- Required work:
Only the lines below starting at the one that contains "- 飲食業界未経験の方も安心" and ending at the one that contains "Vegyes papírrégiség tétel, benne" are to be reproduced, exactly and with both ends kept.

Input records Block Start

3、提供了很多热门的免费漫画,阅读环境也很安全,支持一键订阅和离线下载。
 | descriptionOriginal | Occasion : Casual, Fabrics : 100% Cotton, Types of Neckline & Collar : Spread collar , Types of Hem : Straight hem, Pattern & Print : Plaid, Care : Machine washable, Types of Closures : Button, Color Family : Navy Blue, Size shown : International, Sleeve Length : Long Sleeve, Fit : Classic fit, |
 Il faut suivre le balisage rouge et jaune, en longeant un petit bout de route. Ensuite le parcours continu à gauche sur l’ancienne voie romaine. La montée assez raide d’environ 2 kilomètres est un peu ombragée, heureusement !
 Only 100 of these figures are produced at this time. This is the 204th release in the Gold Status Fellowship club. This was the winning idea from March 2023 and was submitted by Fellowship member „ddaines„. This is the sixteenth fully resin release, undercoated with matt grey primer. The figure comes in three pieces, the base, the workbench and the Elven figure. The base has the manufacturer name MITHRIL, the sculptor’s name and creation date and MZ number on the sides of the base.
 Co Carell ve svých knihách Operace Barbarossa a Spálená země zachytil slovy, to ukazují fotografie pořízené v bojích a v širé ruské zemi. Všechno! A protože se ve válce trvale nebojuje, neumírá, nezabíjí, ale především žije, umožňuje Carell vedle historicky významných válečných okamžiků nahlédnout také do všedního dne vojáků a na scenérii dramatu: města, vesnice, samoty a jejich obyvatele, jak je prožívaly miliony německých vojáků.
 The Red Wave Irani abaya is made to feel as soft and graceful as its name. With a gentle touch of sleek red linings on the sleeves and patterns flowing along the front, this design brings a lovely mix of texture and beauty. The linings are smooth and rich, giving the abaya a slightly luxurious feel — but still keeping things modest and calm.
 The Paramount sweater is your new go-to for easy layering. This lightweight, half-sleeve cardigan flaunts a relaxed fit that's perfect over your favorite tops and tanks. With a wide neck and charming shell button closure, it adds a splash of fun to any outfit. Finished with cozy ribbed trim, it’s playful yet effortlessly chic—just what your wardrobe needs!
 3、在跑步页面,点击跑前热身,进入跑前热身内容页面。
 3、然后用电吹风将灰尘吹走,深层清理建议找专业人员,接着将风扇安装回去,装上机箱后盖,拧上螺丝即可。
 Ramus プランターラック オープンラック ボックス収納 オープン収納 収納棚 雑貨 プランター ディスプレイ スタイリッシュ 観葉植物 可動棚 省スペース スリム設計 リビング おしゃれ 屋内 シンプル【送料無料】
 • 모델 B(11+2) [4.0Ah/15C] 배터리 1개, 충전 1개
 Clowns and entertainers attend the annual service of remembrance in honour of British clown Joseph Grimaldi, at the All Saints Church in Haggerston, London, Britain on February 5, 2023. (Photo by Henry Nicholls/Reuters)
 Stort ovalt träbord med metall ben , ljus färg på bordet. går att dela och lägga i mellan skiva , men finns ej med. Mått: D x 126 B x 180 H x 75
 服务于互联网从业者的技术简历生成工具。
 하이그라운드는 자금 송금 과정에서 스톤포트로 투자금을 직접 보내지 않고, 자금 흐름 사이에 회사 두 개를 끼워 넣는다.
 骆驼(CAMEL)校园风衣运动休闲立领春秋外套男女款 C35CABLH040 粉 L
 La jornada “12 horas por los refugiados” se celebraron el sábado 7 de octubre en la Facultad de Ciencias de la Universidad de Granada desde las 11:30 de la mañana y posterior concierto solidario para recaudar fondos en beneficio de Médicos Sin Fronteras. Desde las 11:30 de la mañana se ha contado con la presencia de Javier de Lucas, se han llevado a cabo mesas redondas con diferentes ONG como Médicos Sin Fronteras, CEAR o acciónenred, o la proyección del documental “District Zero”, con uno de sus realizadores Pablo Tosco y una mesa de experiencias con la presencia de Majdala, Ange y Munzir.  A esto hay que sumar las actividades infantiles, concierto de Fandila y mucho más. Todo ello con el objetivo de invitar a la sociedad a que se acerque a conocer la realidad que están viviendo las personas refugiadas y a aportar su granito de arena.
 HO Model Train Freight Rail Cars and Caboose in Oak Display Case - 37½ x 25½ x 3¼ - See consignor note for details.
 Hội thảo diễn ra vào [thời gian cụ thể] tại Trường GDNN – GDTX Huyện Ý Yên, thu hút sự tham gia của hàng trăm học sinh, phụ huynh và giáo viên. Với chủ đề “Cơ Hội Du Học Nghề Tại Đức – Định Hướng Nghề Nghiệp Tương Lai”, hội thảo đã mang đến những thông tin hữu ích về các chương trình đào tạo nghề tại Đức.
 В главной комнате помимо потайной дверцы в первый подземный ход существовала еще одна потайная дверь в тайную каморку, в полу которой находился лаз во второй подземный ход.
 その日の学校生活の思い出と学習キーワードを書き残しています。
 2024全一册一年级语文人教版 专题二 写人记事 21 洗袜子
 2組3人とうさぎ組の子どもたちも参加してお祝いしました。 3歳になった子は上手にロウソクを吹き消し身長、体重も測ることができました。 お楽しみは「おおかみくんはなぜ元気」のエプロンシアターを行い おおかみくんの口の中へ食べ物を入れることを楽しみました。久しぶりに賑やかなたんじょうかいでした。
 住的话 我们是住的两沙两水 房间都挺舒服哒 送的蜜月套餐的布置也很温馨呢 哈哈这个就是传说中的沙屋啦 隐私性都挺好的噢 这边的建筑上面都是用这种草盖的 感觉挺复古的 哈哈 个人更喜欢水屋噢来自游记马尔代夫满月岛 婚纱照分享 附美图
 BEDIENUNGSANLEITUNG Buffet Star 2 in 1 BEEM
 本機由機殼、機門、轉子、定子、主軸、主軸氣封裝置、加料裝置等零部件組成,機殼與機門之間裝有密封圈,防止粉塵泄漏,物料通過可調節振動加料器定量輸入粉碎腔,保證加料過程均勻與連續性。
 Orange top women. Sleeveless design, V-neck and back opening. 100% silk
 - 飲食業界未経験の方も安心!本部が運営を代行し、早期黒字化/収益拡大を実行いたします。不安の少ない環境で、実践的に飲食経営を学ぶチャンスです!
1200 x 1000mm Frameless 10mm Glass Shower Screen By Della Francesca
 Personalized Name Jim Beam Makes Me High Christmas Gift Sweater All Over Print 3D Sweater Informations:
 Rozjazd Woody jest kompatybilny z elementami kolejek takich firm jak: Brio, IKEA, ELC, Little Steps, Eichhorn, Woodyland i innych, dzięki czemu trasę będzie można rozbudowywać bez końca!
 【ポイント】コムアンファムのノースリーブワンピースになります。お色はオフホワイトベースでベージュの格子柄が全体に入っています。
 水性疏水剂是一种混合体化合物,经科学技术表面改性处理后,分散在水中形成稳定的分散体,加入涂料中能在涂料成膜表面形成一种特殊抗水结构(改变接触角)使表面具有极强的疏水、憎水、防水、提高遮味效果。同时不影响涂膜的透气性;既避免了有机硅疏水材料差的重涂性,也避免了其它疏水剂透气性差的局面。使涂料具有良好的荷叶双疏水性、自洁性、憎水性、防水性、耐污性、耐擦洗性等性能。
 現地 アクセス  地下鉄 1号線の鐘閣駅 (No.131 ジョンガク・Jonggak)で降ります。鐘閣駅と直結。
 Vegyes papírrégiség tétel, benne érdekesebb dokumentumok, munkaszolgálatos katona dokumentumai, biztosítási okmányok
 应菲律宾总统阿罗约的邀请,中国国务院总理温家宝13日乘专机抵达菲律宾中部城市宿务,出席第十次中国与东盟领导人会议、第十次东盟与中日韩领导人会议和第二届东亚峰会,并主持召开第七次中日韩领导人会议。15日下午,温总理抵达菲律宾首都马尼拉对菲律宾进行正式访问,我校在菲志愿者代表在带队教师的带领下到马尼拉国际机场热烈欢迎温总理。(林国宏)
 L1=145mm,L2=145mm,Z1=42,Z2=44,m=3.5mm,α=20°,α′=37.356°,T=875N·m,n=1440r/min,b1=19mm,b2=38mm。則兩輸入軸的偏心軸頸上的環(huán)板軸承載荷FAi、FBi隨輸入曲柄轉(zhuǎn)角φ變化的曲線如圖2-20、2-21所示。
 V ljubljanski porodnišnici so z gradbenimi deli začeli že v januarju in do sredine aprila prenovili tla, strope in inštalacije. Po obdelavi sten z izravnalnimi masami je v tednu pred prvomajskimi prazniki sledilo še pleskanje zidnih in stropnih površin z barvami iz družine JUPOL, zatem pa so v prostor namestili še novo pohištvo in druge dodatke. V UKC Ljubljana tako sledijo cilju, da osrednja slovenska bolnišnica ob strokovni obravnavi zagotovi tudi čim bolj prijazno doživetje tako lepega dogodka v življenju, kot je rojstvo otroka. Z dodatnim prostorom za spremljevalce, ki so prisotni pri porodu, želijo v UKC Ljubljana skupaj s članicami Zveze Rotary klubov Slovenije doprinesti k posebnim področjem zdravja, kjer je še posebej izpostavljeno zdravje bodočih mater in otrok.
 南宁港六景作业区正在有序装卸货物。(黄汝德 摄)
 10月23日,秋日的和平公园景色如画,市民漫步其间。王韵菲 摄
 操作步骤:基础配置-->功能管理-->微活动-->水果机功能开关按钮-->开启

Input records Block End

- Output of the exercise:
 - 飲食業界未経験の方も安心!本部が運営を代行し、早期黒字化/収益拡大を実行いたします。不安の少ない環境で、実践的に飲食経営を学ぶチャンスです!
1200 x 1000mm Frameless 10mm Glass Shower Screen By Della Francesca
 Personalized Name Jim Beam Makes Me High Christmas Gift Sweater All Over Print 3D Sweater Informations:
 Rozjazd Woody jest kompatybilny z elementami kolejek takich firm jak: Brio, IKEA, ELC, Little Steps, Eichhorn, Woodyland i innych, dzięki czemu trasę będzie można rozbudowywać bez końca!
 【ポイント】コムアンファムのノースリーブワンピースになります。お色はオフホワイトベースでベージュの格子柄が全体に入っています。
 水性疏水剂是一种混合体化合物,经科学技术表面改性处理后,分散在水中形成稳定的分散体,加入涂料中能在涂料成膜表面形成一种特殊抗水结构(改变接触角)使表面具有极强的疏水、憎水、防水、提高遮味效果。同时不影响涂膜的透气性;既避免了有机硅疏水材料差的重涂性,也避免了其它疏水剂透气性差的局面。使涂料具有良好的荷叶双疏水性、自洁性、憎水性、防水性、耐污性、耐擦洗性等性能。
 現地 アクセス  地下鉄 1号線の鐘閣駅 (No.131 ジョンガク・Jonggak)で降ります。鐘閣駅と直結。
 Vegyes papírrégiség tétel, benne érdekesebb dokumentumok, munkaszolgálatos katona dokumentumai, biztosítási okmányok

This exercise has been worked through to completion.